I have been on vacation for the last week and have been away from my computer.  Talk about having withdrawal pains.  So I might be slow, but I will get through this story with comments on each chapter.




THE MOUNTAIN WOLVES

said Faraday, the largest Wolf, who was also the head Wolf = Two things to note here.  Since the animal term “wolf” does not identify either the tribe or a specific individual, don’t capitalize.  Same thing should be done with the other animal species.  Second point is that the leader of a wolf pack is known as the “alpha male” or “alpha female.”

One thing hits me as out of character.  If the morphs consider the humans some higher and more powerful form, why do they act so calmly around the injured human?  The three travelers and now the rest of the pack should be in a frenzy.

I am so dead, he thought = This might be stronger as a spoken line.

said Faraday's mother, Giaffen = This line has a way of reducing Faraday from the pack’s alpha, to a cub.  You need more of a leading for this character to establish her old age.  For example, you could start by saying something about a grey furred female approaching walking with a stiff gait.  The “grey” would show age as would the “stiff gait.”  You could then have her sit and winch at some joint pain.

The segment regarding the pursuit is good, but should either be expanded into another chapter where you can get something of a feel for the other family or moved to the end of this segment.  Why disturb the flow of your story?  (Hedgehog raises paw and points to self, did that too in my first long story.)

The ending exchange between the merchant and the human was very good, but too short.  It would be interesting having the mouse show off one or two other items first, and then a discussion about the two making a trade.  Very nice touch there at the end, having both sides think they had gotten the better of the deal.

THE HUNTERS OF THE DARK CLAW

The opening two lines caused me a bit of confusion.  First I was in space and then back in the cave.  Remember where I said you should expand the space pursuit in the prior chapter by making it a separate chapter?  The opening line about them being but a half hour out would be an excellent cliffhanger for that chapter.  (You should always try ending a chapter with a cliffhanger, something that draws the reader to the next chapter.  It need not be dramatic, but it could be a hint of something about to happen.  Look at what that line does, it lets the readers know Jamie’s parents are near, so the question comes up, what happens next, which is the very definition of a chapter hook or cliffhanger.)

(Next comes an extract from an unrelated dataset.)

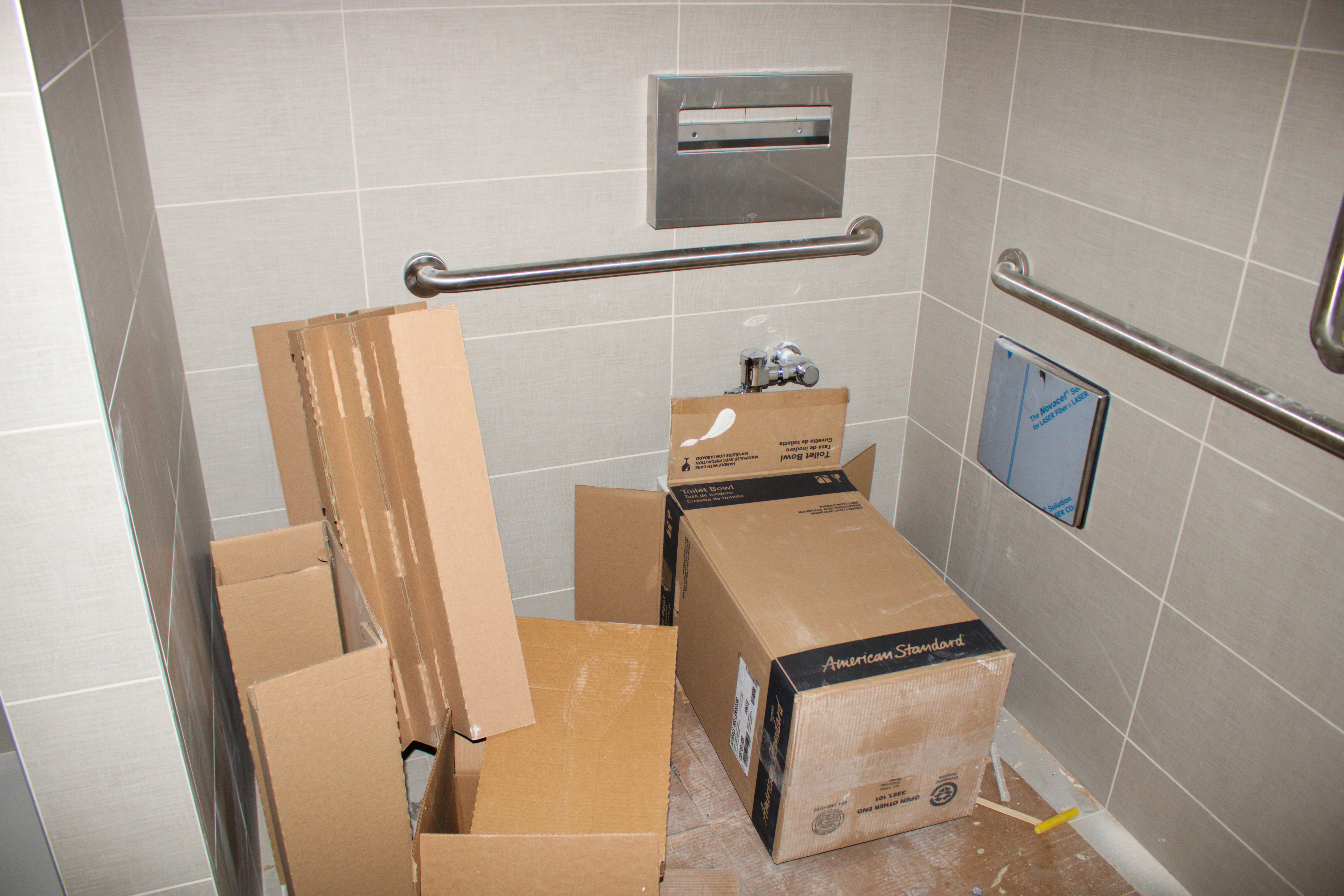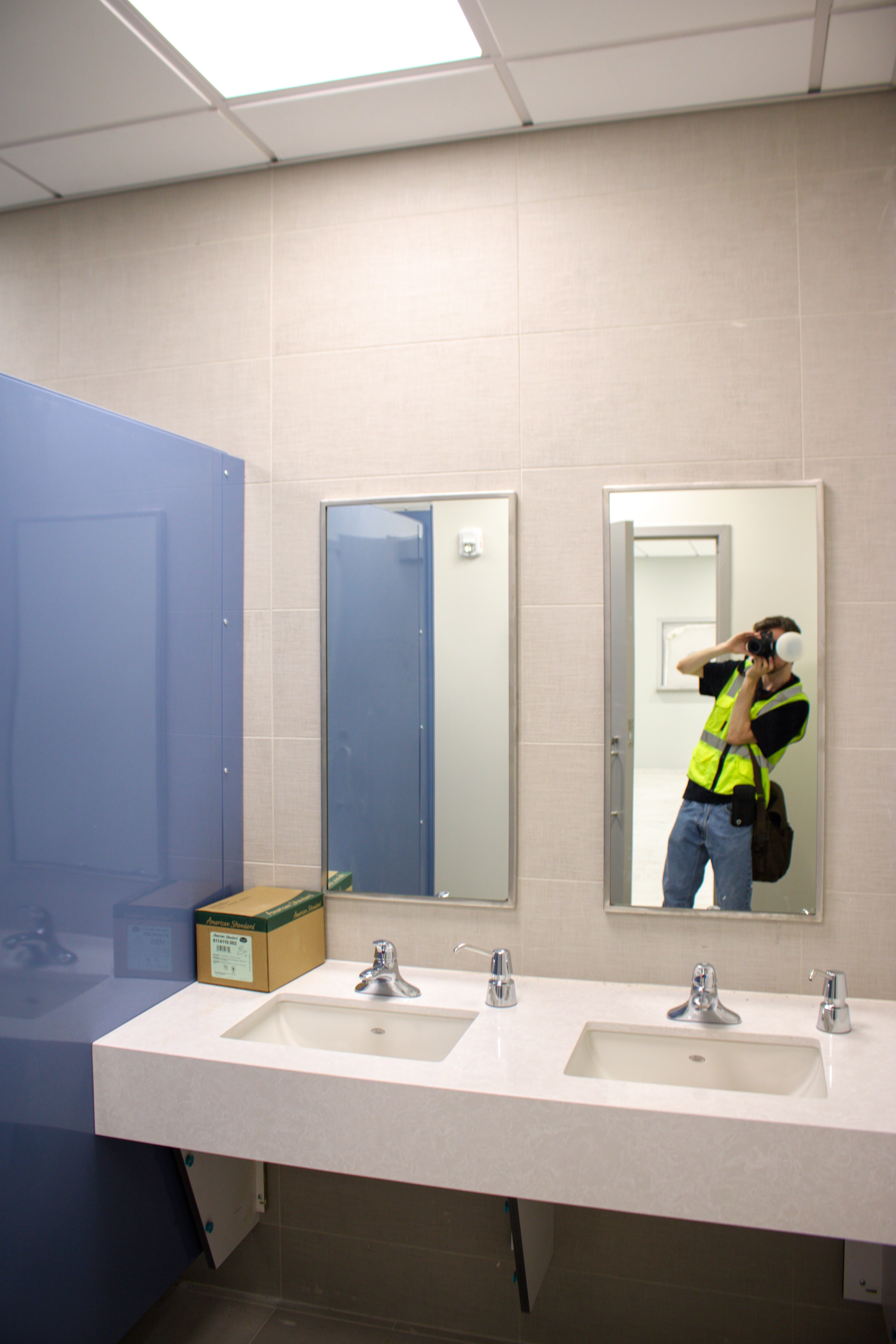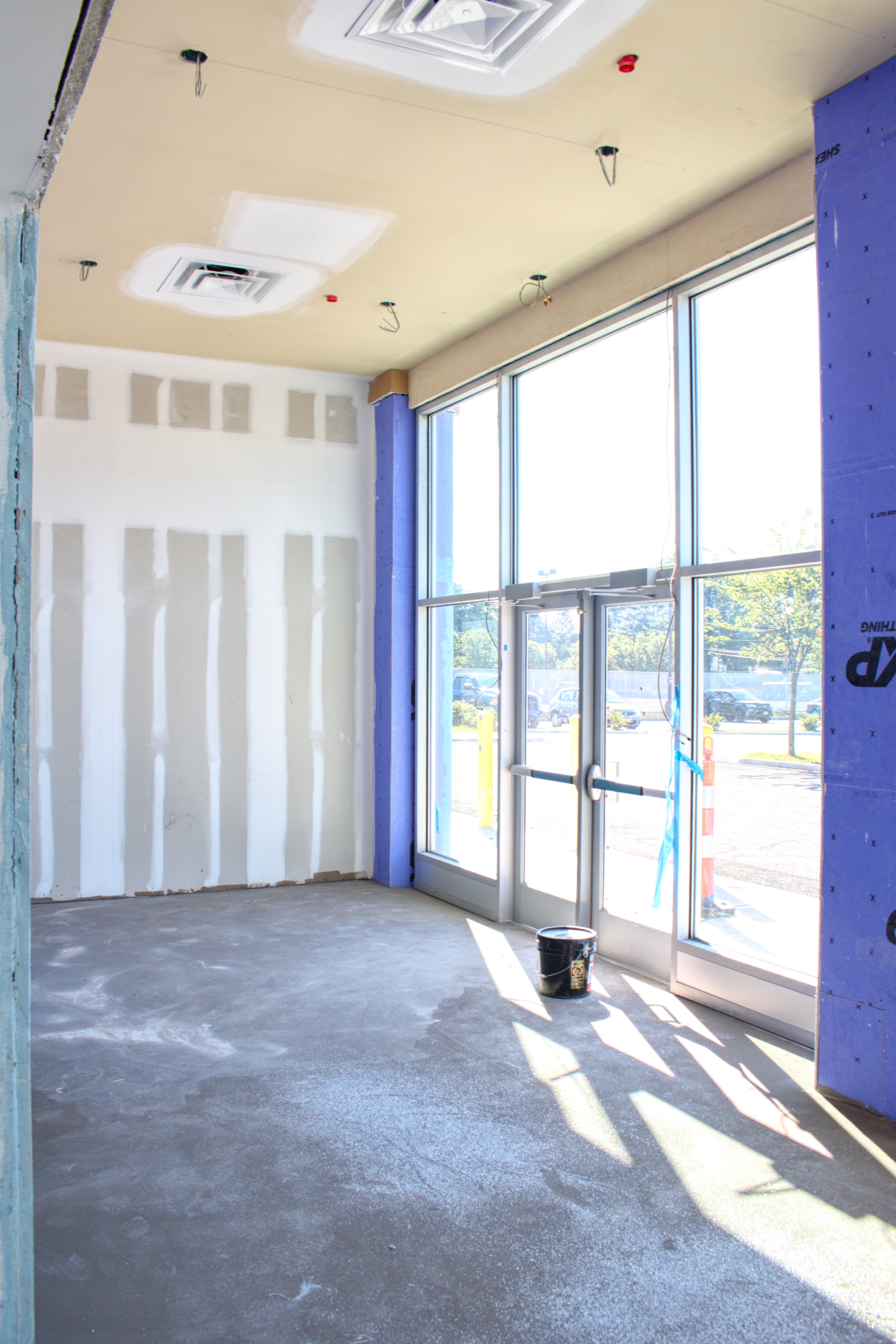 Glass and glazing: The new entry vestibule storefront glass and doors have been installed. Next step as we get further into the finishes of the interior will be transaction windows, door lights, bathroom mirrors, etc.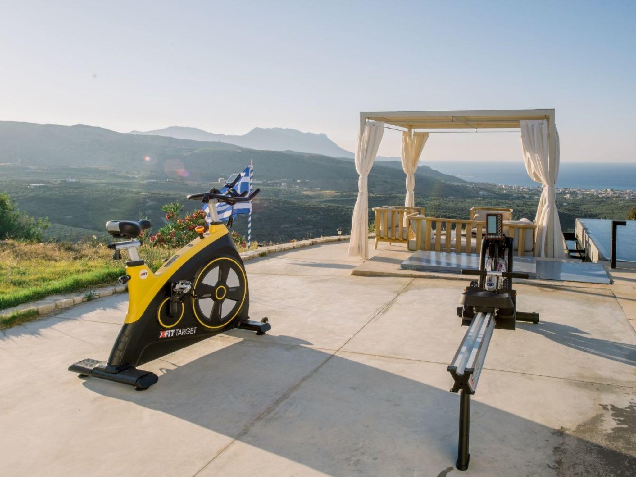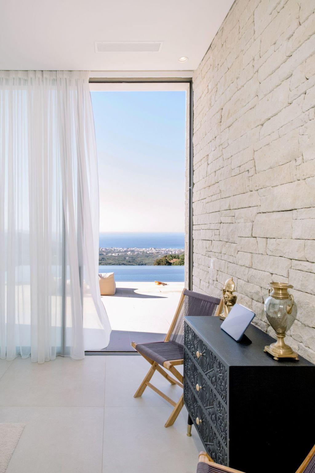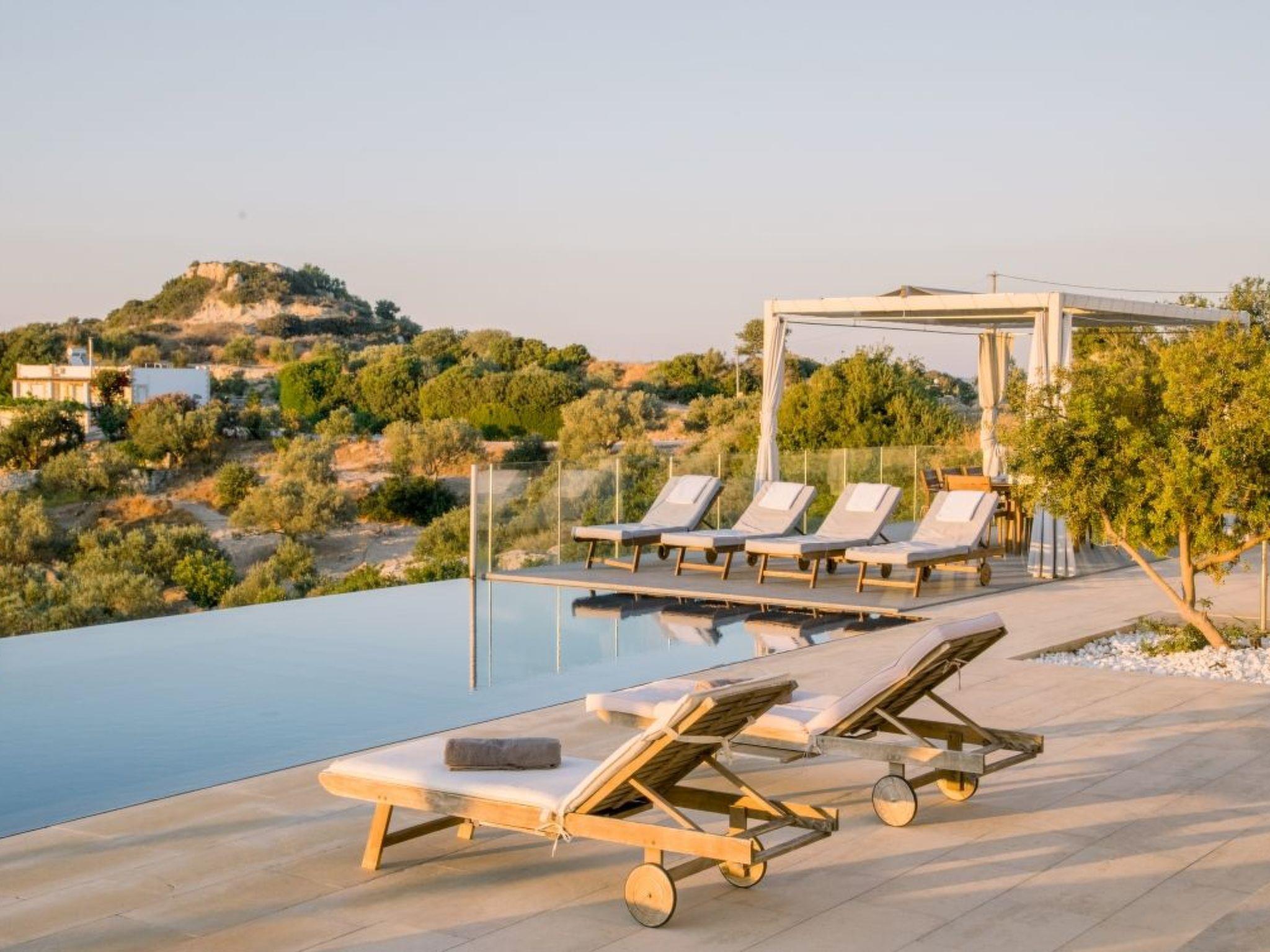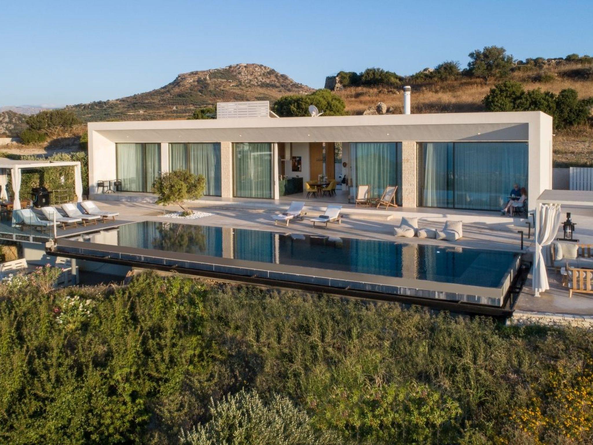 The property has 8000 m² and is situated on the hill in front of Kissamos on an extraordinary place in the North-West of Crete. It is on a archeological site which is going back to 500 bc. It has an bright view to the ocean and is surrounded by magnific mountains and important antique villages which you can see by birdeye view. With this unique view you get the feeling of having the possibility to fly directly to the beach. The property is in the heart of the landscape. You can enjoy undisturbing walks in the nature and between olive trees. The building has 3 bedrooms, 3 bathrooms and a large living room with open plan kitchen and a fireplace. All the windows are in front of the infinity pool and the amazing landscape. All materials and furnitures are of high quality.

The Honeyfoot segment seems out of place.  It infers it happened much later.  Think you may need work on the timing of the action in this chapter.

The Hunters of the Dark Claw came in range and stopped. "Fire your tranquilliser!" = I don’t think that is possible, unless the morphs have “modern” technology.  Yes, I know the humans said this, but as it is written, it is the wolves that fired the tranquilizers.

Another logic problem has cropped up.  Since they know Jamie has been here exposed for some time, and since the humans should know this world has breathable air, why the environmental suits?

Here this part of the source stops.